▶ **TASK GOAL**
When you copy the material below, keep every line exact and drop the pictures.

▶ **DATA SEGMENT**
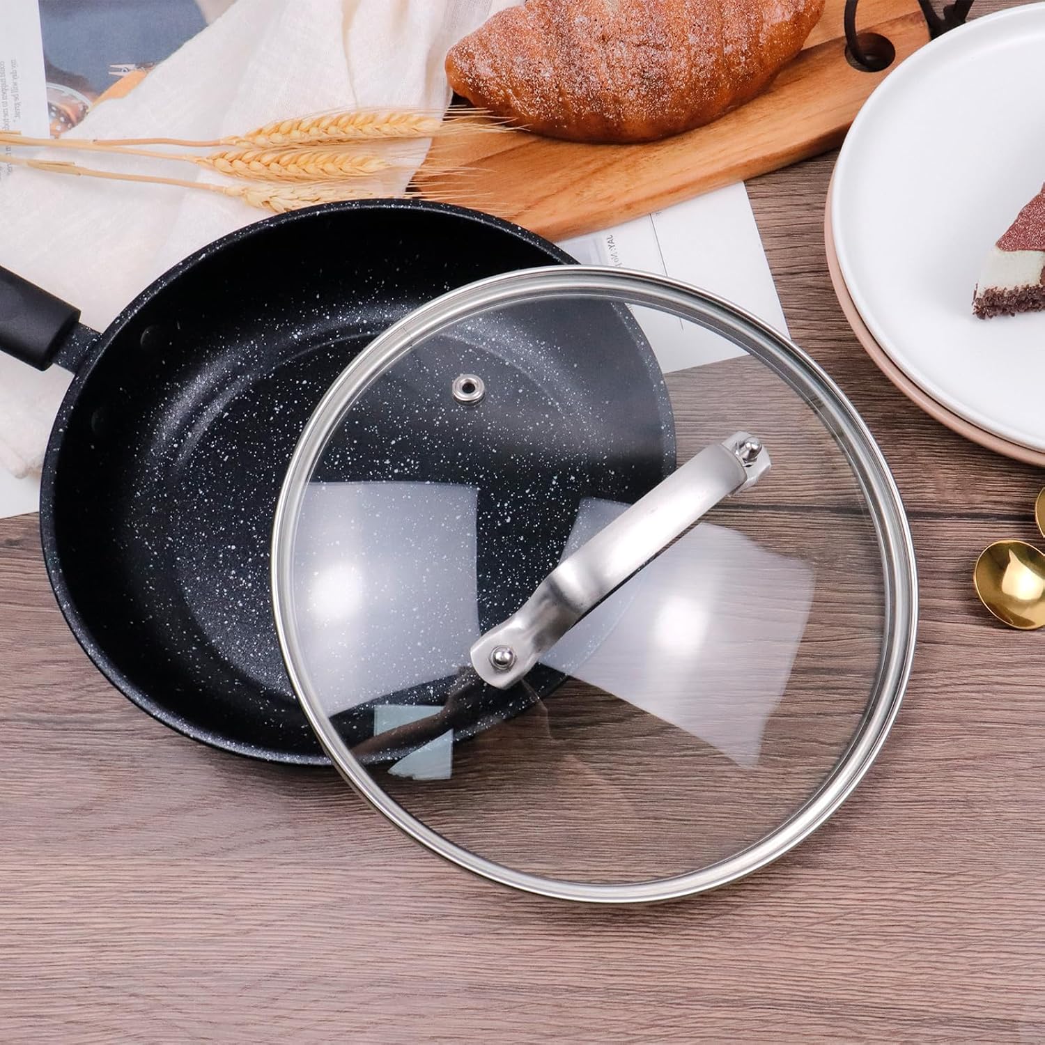 - 8" tempered glass lid is suitable for pots,pans and skillets.
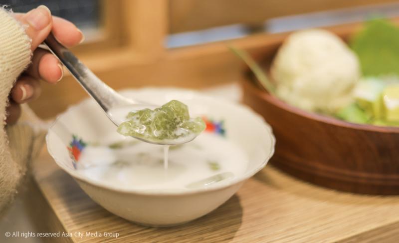 ปิดท้ายด้วยของหวานอย่าง อินทนิล (95 บาท) ขนมหวานสายกะทิจากภาคอีสานที่ใช้แป้งข้าวเหนียวมาปั้นเป็นก้อน มีความคล้ายขนมครองแครงผสมหยกมณี ใช้คลายความเผ็ดร้อนจากมื้อหนัก ๆ ของเราได้เป็นอย่างดี
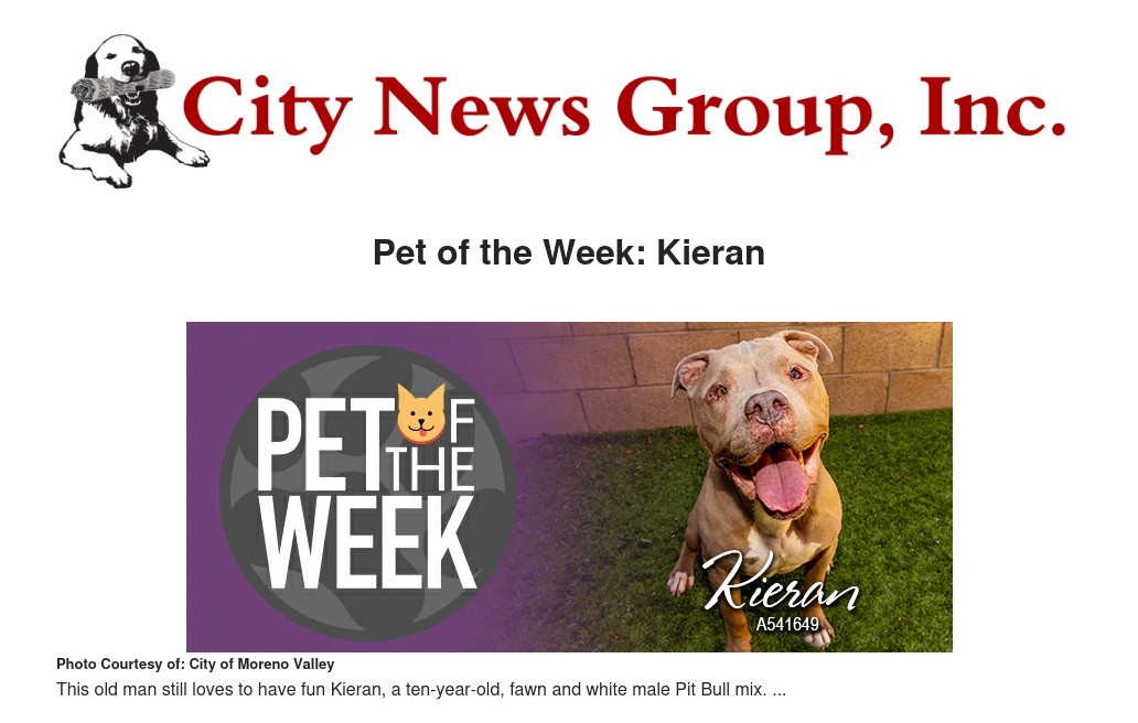 If you would like to make Kieran or any pet from the Moreno Valley Animal Shelter part of your family, please call 951.413.3790 or visit moval.org/pets.

▶ **ANSWER FOR THE TASK**
 - 8" tempered glass lid is suitable for pots,pans and skillets.
 ปิดท้ายด้วยของหวานอย่าง อินทนิล (95 บาท) ขนมหวานสายกะทิจากภาคอีสานที่ใช้แป้งข้าวเหนียวมาปั้นเป็นก้อน มีความคล้ายขนมครองแครงผสมหยกมณี ใช้คลายความเผ็ดร้อนจากมื้อหนัก ๆ ของเราได้เป็นอย่างดี
 If you would like to make Kieran or any pet from the Moreno Valley Animal Shelter part of your family, please call 951.413.3790 or visit moval.org/pets.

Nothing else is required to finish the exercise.